Как ни губителен мог быть этот маневр для англичан, но это была только первая часть дела, задуманного Наполеоном. Вслед за казаками сам Наполеон хотел провести через Россию полмиллиона своей победоносной армии до Волги, на судах спустить ее до Астрахани, а там по Каспийскому морю до самого Астрабада. От Астрабада до Индии путь караваном очень хорош, а с помощью рытья неглубоких колодцев можно добыть [48] и воду из-под песков пустыни.
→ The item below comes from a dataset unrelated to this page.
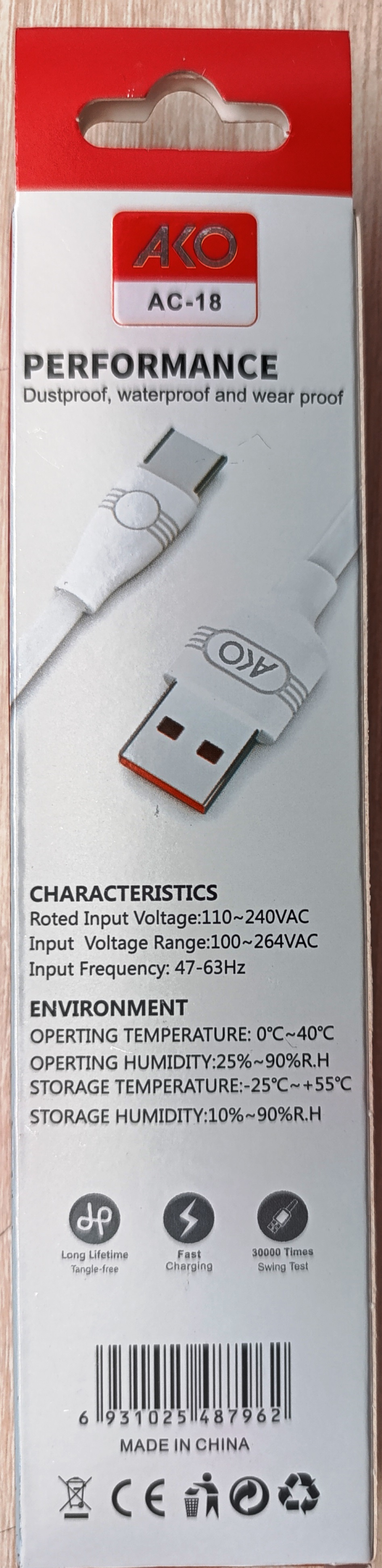 کابل شارژ تایپ سی AKO AC-18 تایپ سی اصلی

Ходу от моря до Индии не более трех недель, и, раз египетские победоносцы появятся в Индии со своим обожаемым предводителем, — только три или четыре месяца, по словам Наполеона, требовалось, чтобы владычество Англии было свергнуто...

Англии грозил страшный удар; ее государственные люди и сам Питт пришли в смятение и стали придумывать всякие средства, чтобы отвести этот удар.
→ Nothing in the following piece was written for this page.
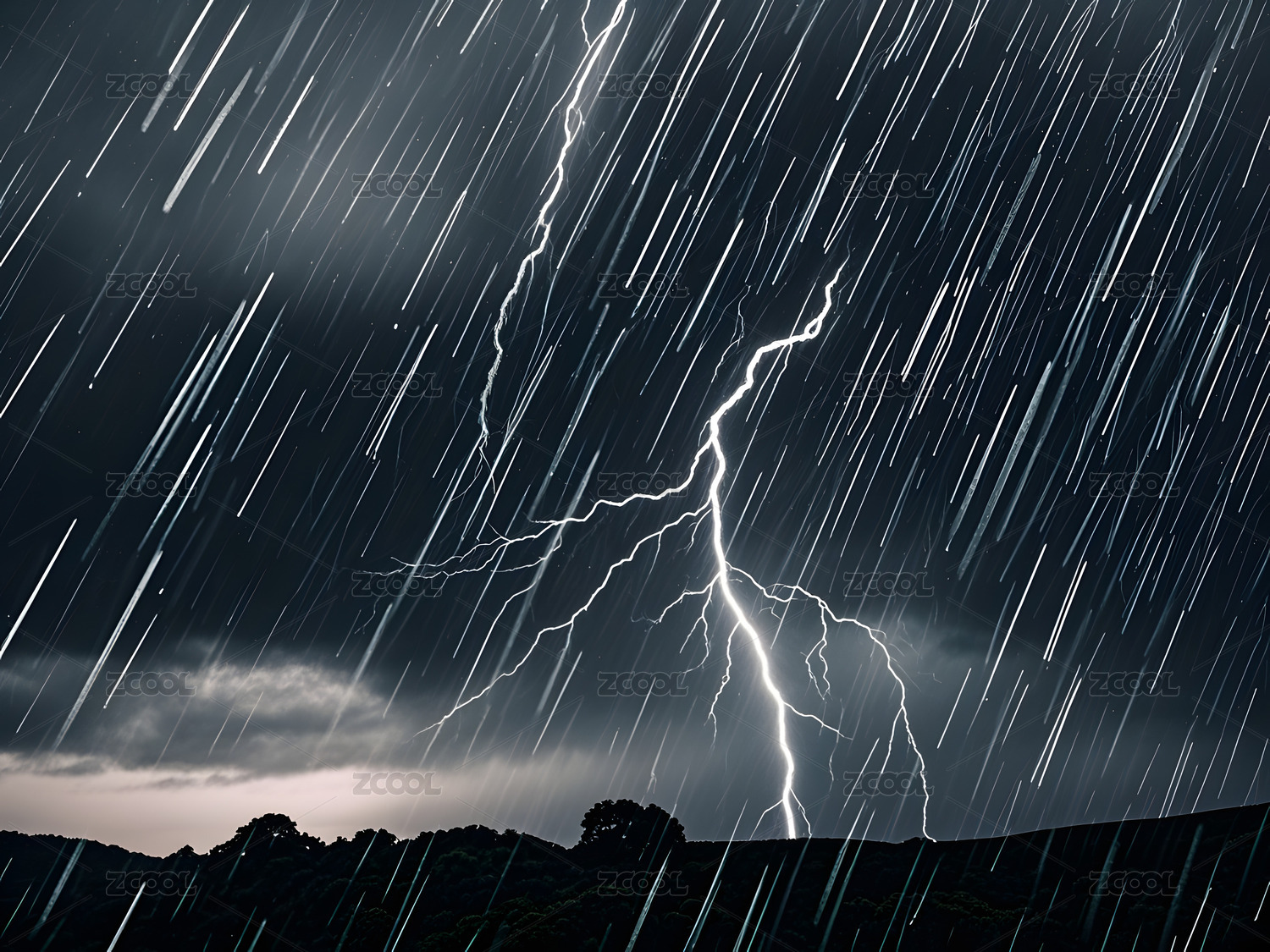 暴雨闪电下的孤树

Император Павел вполне склонился на это предприятие, заключил с Наполеоном конвенцию и объявил Англии войну. Это было в конце 1800 года.

Павел начал действовать энергично: первым делом велел арестовать все английские торговые корабли в русских портах; в Кронштадта послан был чиновник коммерц-коллегии д. ст. сов. П. С. Ильинский с приказанием выгрузить из кораблей все товары, а самые корабли, выведя на рейд, торжественно сжечь.

Вместе с этим, ожидая прихода английской эскадры в Балтийское море, император велел укрепить и умножить оборонительные средства Кронштадта, построить новый рисбанк на 300 крепостных орудий, направляющих свои выстрелы в тот пункт, где неприятельские корабли должны по узости фарватера идти по одному в кильватер (гуськом, или цугом).

Всю зиму 1800-1801 годов пять или шесть тысяч извозчиков были заняты перевозкою леса по льду Финского залива от Петербурга до Кронштадта для вновь воздвигаемых укреплений...

II.

Атаман Матвей Иванович Платов в последний год царствования Екатерины Великой возвратился из персидского похода, где главнокомандующим был Валериан Зубов, брат любимца, а походным атаманом донских полков, в чине генерал-майора, — Платов. Валериан Зубов был предводитель не гениальный, и хитрые персы заманили его в ловушку, откуда выручать его пришлось Платову.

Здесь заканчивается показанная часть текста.